Disadvantages: if you use OEM Accord/Prelude driver's mounts, the motor will lean towards the driver's side; H22's may require relocating the proportioning valve; H/F motors with the IACV on the firewall side will require relocating or deleting the IACV.


This can be done with just a few simple hand tools. A dremel is about the most expensive tool you'll need, but that's something no self-respecting car hobbyist should be without anyways.

Tool list:
Demel or rotozip w/barrel type grinding wheels (have spares!)
hacksaw, sawzall, or bandsaw
1/2" drill bit w/hand drill or drill press
1/2" step-bit drill bit aka Unibit (HF has a 3-pc kit)
1/2" Grade 8 bolts: 6", 5", 4.5", 3.5"
1/2" Grade 8 washers (narrow SAE), lock washers, nuts
4"-6" extension bit for the step-bit
Standard tools for swaping an engine



The first thing is to get the crankshaft ground out for a b-series pilot bearing.
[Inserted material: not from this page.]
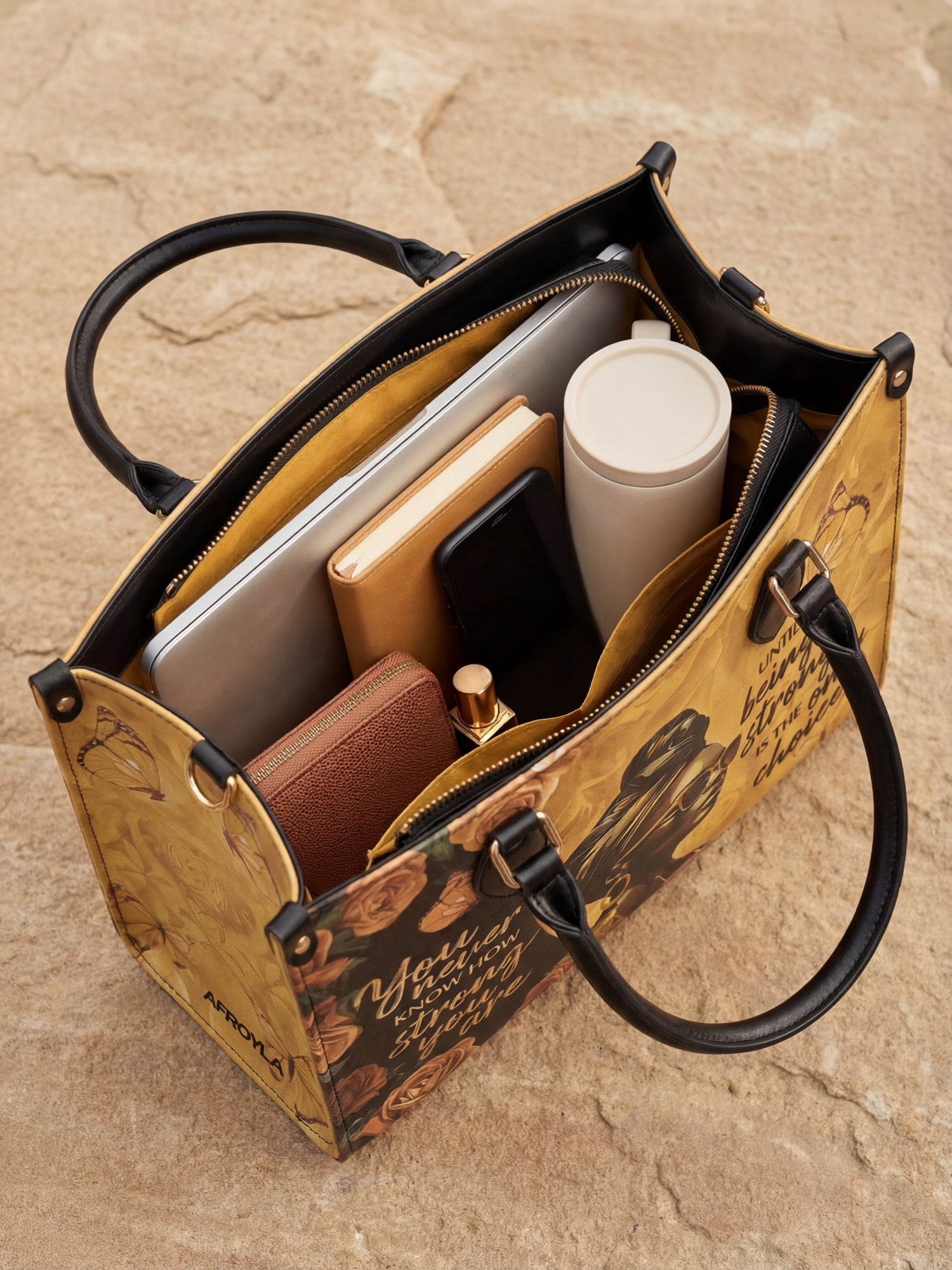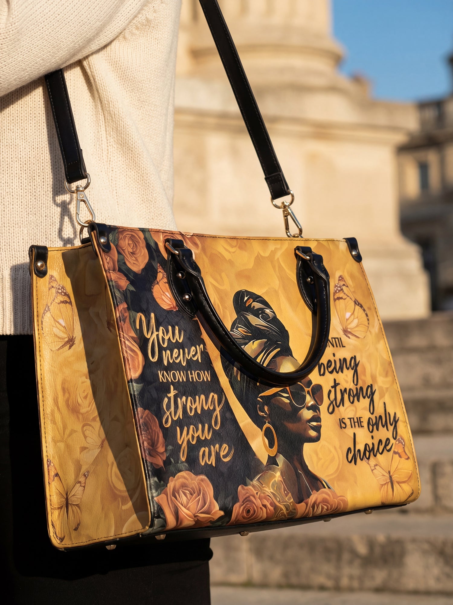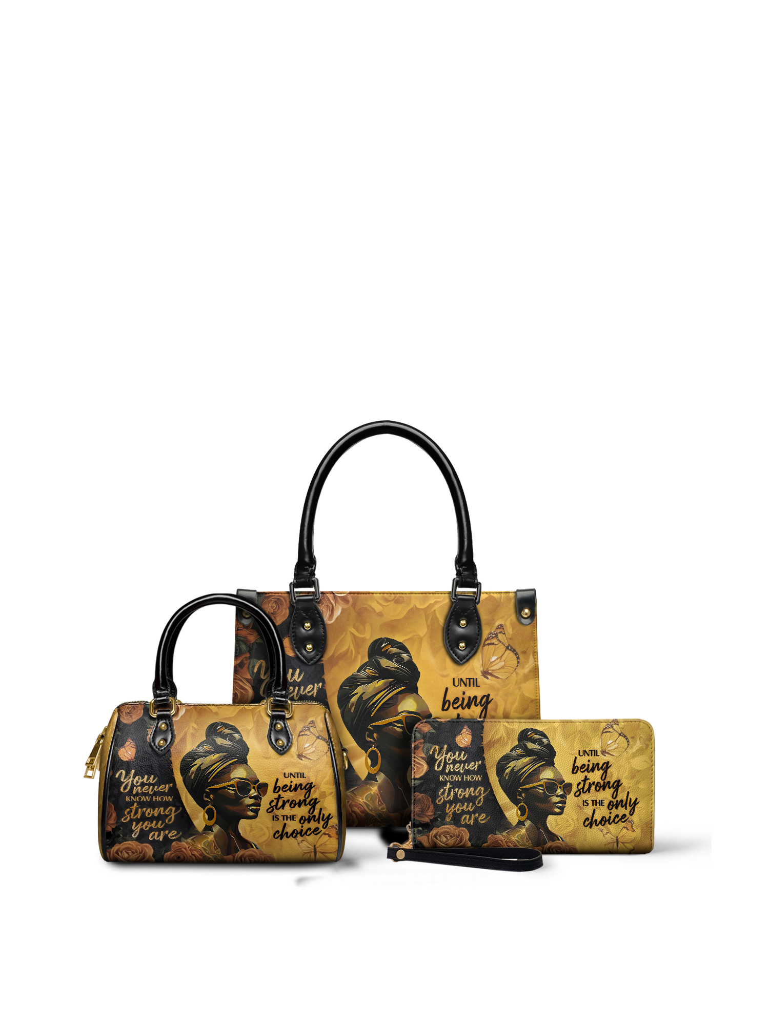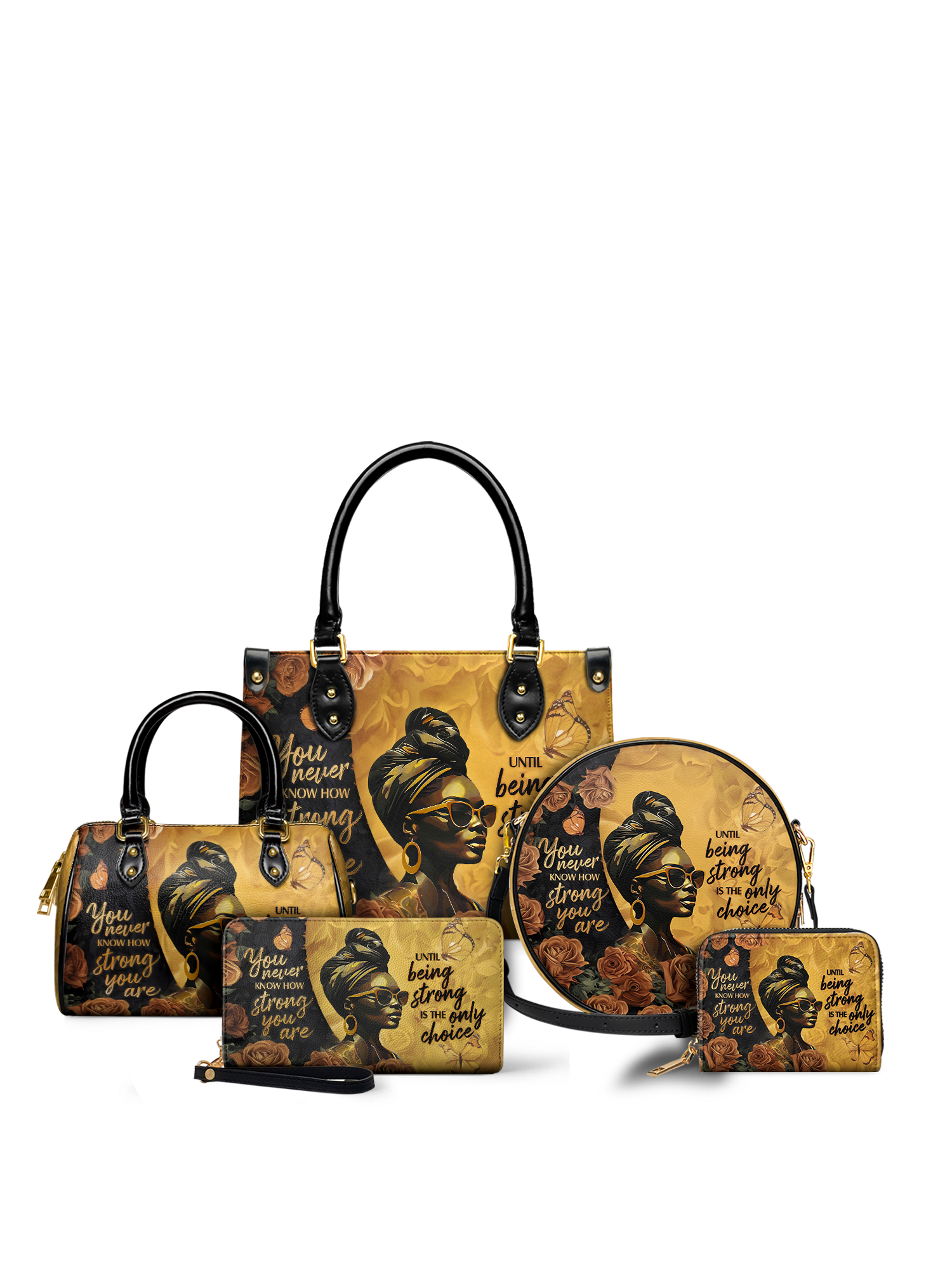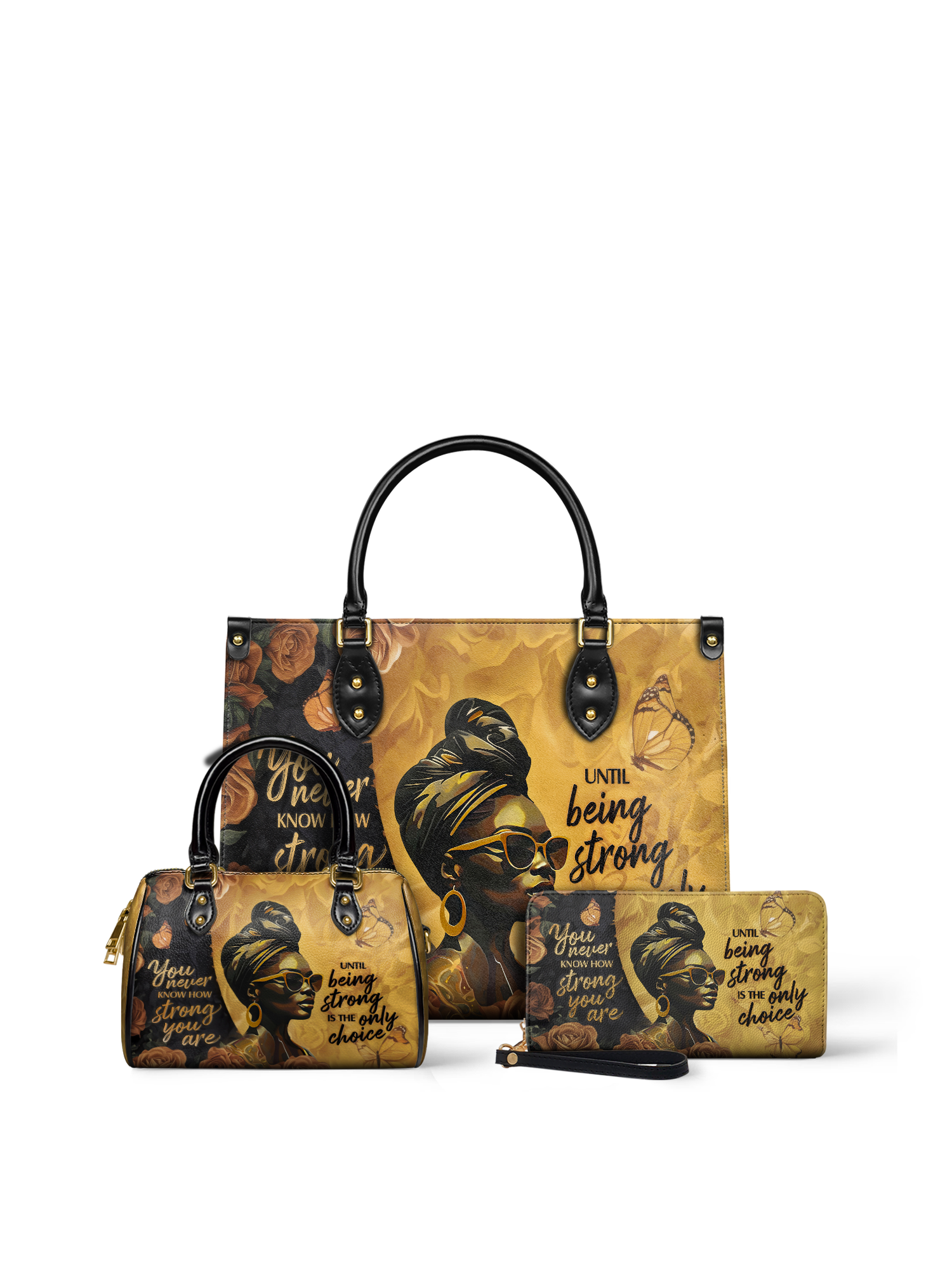 The "Siyanda" Strong Handbag is a tribute to the unshakable strength of Black women. Featuring the powerful quote "You never know how strong you are until being strong is the only choice," this bag is a reminder of resilience, courage, and grace. With rich golden tones and elegant artwork, "Siyanda" is more than a handbag—it’s a statement of power and perseverance. Carry it with pride, because your strength is unmatched.

It needs to be at least 32mm wide and over 2mm deep. I used a stubby grinding bit in a rotozip.




Next you have to drill the flywheel for the pin in the flywheel. You can also grind it off the crank.




After that you enlarge the rear starter hole to 1/2". I used a step drill bit and a 1/4" hex bit extension to reach it all - make sure you start from the block side of the trans. Get creative with the bit (angle it) to slip the 1/2"x6" bolt through, or get a oversized 3-flute drill bit designed for enlarging holes in castings.




Now you can hang the trans from the block via the starter hole & pilot bearing. Drill a 1/2" hole for a 1/2"x5" bolt through the trans hole just above the clutch slave cylinder.




You can also work on that area to get the slave cylinder to fit. It will take some time, but the pics should give you a good start.





You can move up to the block stamp. You need to cut the window a bit longer (downwards) by 1/4". If it's a newer F-series, it may not even have a timing window. Cut it large enough to fit the open tip of a 3/4" box wrench into it.




You need to do some more grinding behind the window. There is a pin that sticks out and needs to be shaved. Beyond that the block webbing between the two top holes needs to be removed a bit. This gives the bolt through the trans a place to sit. If done right it also keeps it from spinning.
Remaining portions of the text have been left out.